+++ Available records +++
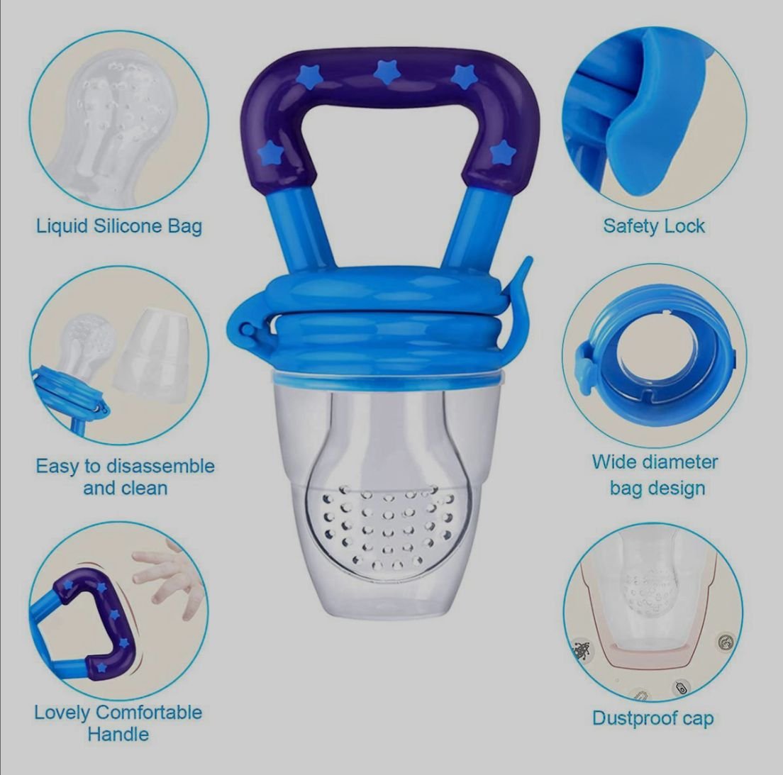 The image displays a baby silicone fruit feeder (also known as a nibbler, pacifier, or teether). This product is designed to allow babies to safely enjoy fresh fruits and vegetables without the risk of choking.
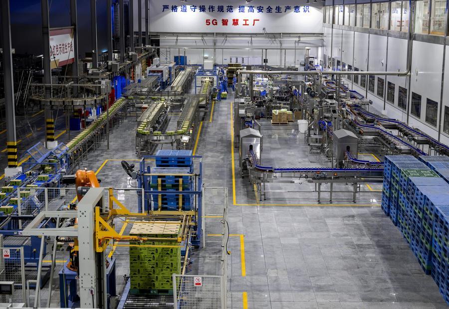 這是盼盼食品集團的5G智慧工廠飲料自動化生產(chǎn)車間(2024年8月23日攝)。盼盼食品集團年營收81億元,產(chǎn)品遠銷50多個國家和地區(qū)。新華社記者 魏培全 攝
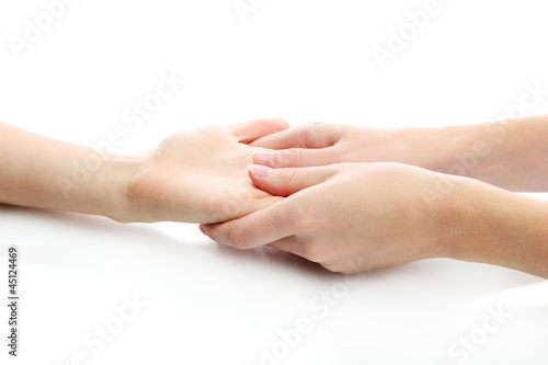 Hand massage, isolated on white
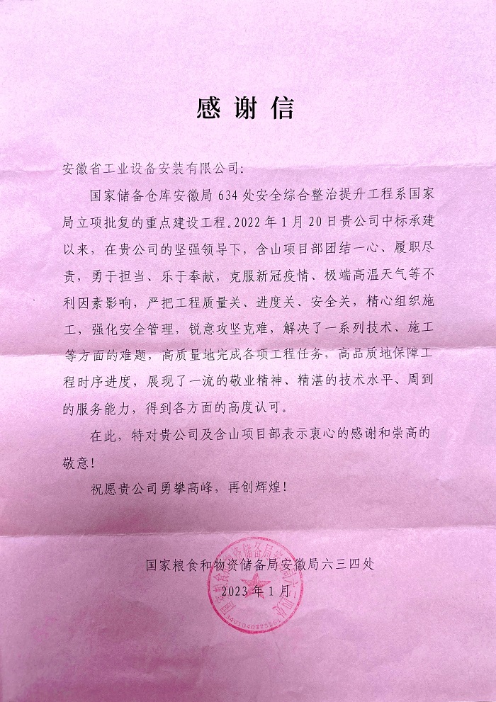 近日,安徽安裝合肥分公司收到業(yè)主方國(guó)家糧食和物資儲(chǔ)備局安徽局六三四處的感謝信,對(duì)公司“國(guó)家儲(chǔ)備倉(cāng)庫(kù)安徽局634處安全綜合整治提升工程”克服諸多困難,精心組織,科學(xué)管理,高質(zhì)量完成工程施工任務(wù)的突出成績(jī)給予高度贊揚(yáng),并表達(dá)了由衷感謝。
+++
+++ Available records +++
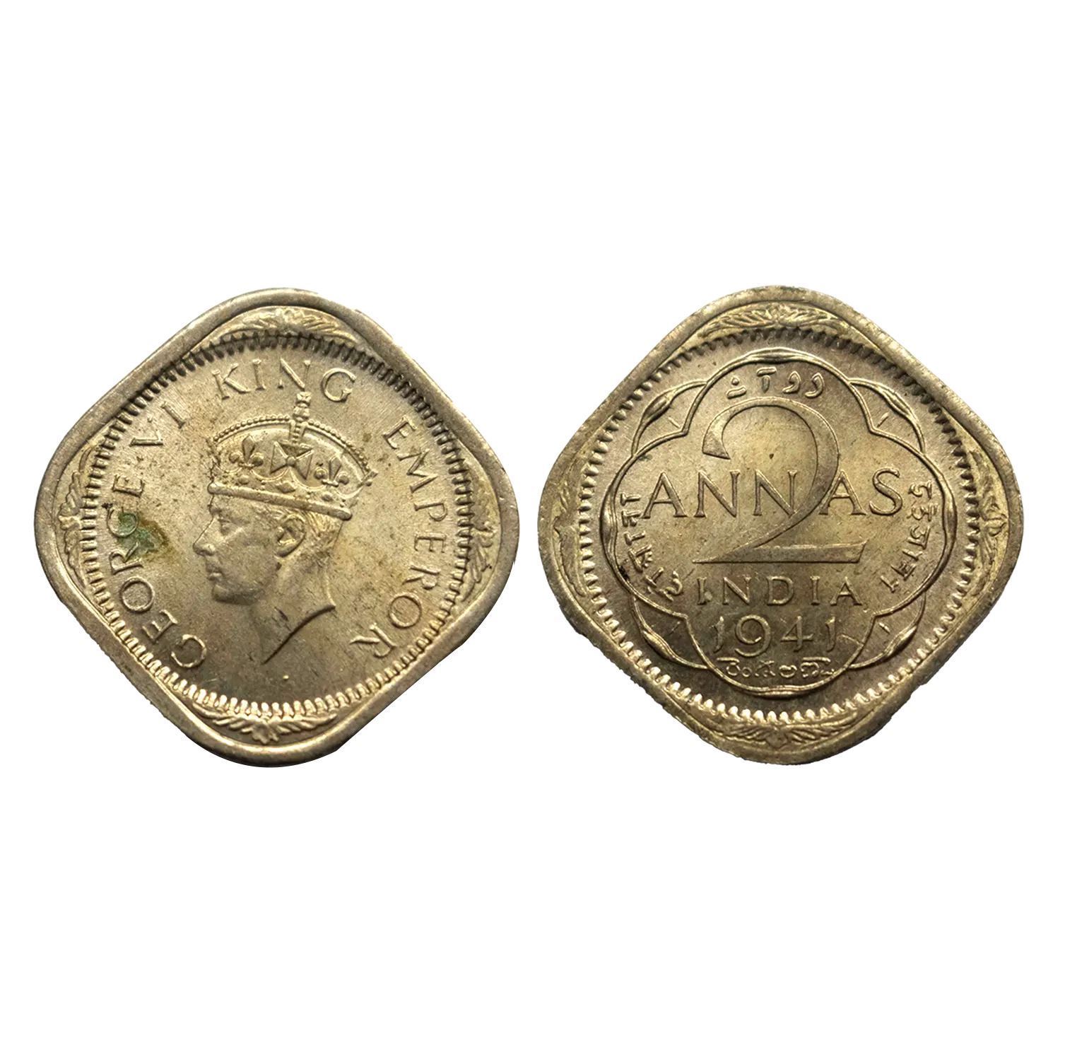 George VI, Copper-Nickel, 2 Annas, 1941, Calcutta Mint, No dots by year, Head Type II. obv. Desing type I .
+++
+++ Available records +++
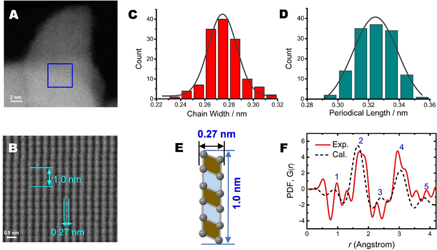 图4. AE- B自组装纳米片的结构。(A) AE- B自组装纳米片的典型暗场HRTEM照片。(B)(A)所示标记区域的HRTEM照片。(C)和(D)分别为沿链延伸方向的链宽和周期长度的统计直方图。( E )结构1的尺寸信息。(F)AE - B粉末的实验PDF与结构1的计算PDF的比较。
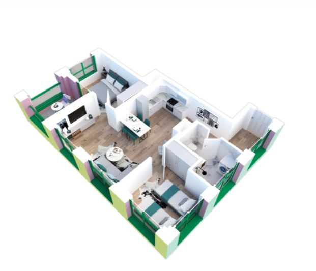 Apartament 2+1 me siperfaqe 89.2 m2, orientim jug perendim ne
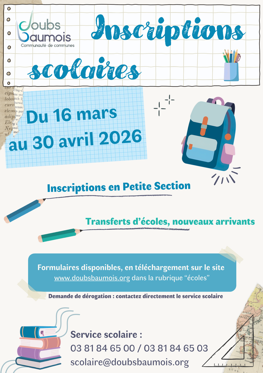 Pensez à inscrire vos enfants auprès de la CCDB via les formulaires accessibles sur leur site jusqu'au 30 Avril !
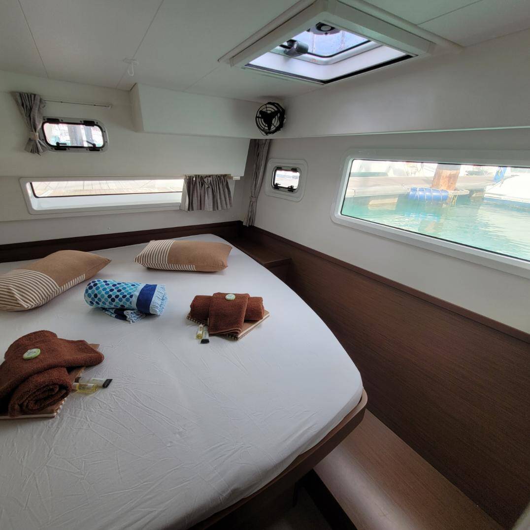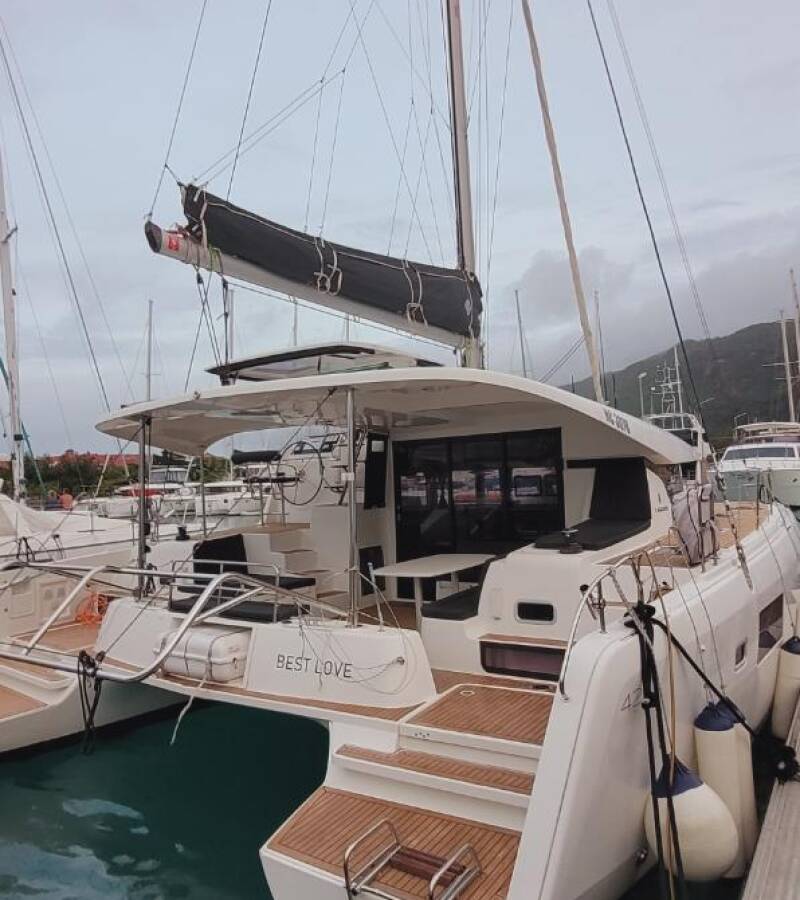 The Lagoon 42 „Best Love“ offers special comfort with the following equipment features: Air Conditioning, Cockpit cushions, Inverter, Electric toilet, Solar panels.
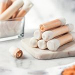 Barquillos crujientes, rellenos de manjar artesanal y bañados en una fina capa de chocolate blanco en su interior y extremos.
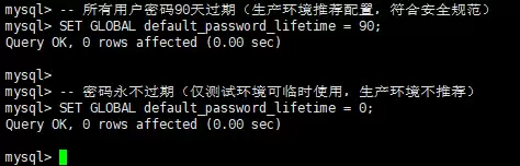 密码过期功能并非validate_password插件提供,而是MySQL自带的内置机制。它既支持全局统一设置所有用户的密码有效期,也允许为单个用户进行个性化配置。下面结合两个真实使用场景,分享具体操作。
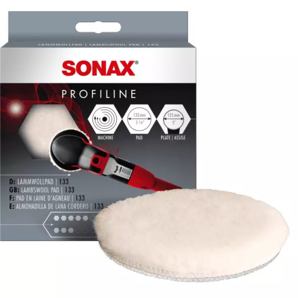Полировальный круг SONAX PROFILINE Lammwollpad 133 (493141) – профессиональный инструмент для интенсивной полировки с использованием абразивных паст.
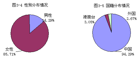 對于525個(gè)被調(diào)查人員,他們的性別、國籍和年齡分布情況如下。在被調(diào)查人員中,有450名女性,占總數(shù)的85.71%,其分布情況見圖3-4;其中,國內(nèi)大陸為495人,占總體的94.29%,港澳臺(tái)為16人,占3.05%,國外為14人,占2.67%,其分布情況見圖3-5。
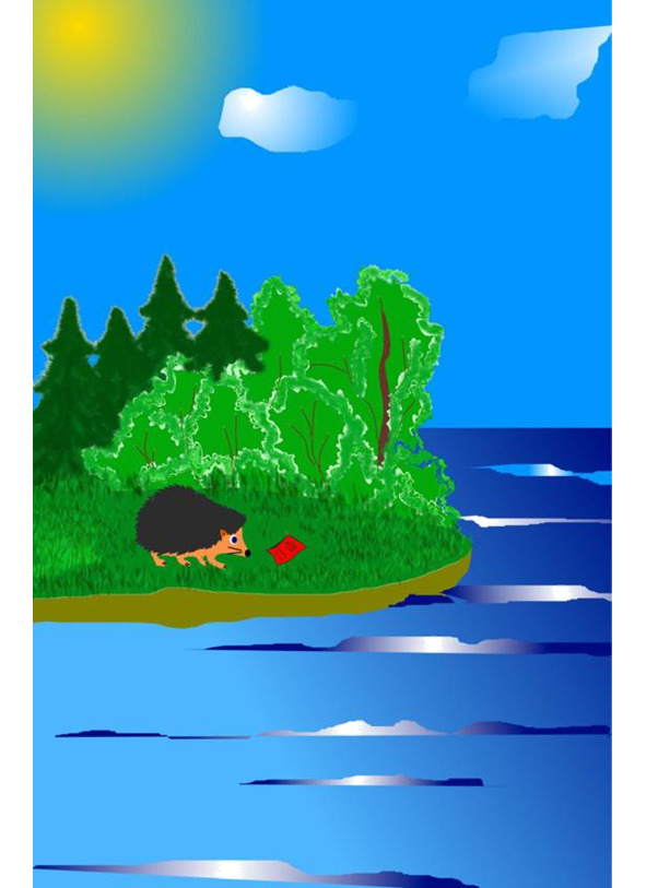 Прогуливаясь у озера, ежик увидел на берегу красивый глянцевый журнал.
+++
_Problem to solve_: Out of the records above, please copy exactly the lines from the line with "Barquillos crujientes, rellenos" up to and including the line with "Полировальный круг SONAX", minus the pictures.

_Response_:
 Barquillos crujientes, rellenos de manjar artesanal y bañados en una fina capa de chocolate blanco en su interior y extremos.
 密码过期功能并非validate_password插件提供,而是MySQL自带的内置机制。它既支持全局统一设置所有用户的密码有效期,也允许为单个用户进行个性化配置。下面结合两个真实使用场景,分享具体操作。
Полировальный круг SONAX PROFILINE Lammwollpad 133 (493141) – профессиональный инструмент для интенсивной полировки с использованием абразивных паст.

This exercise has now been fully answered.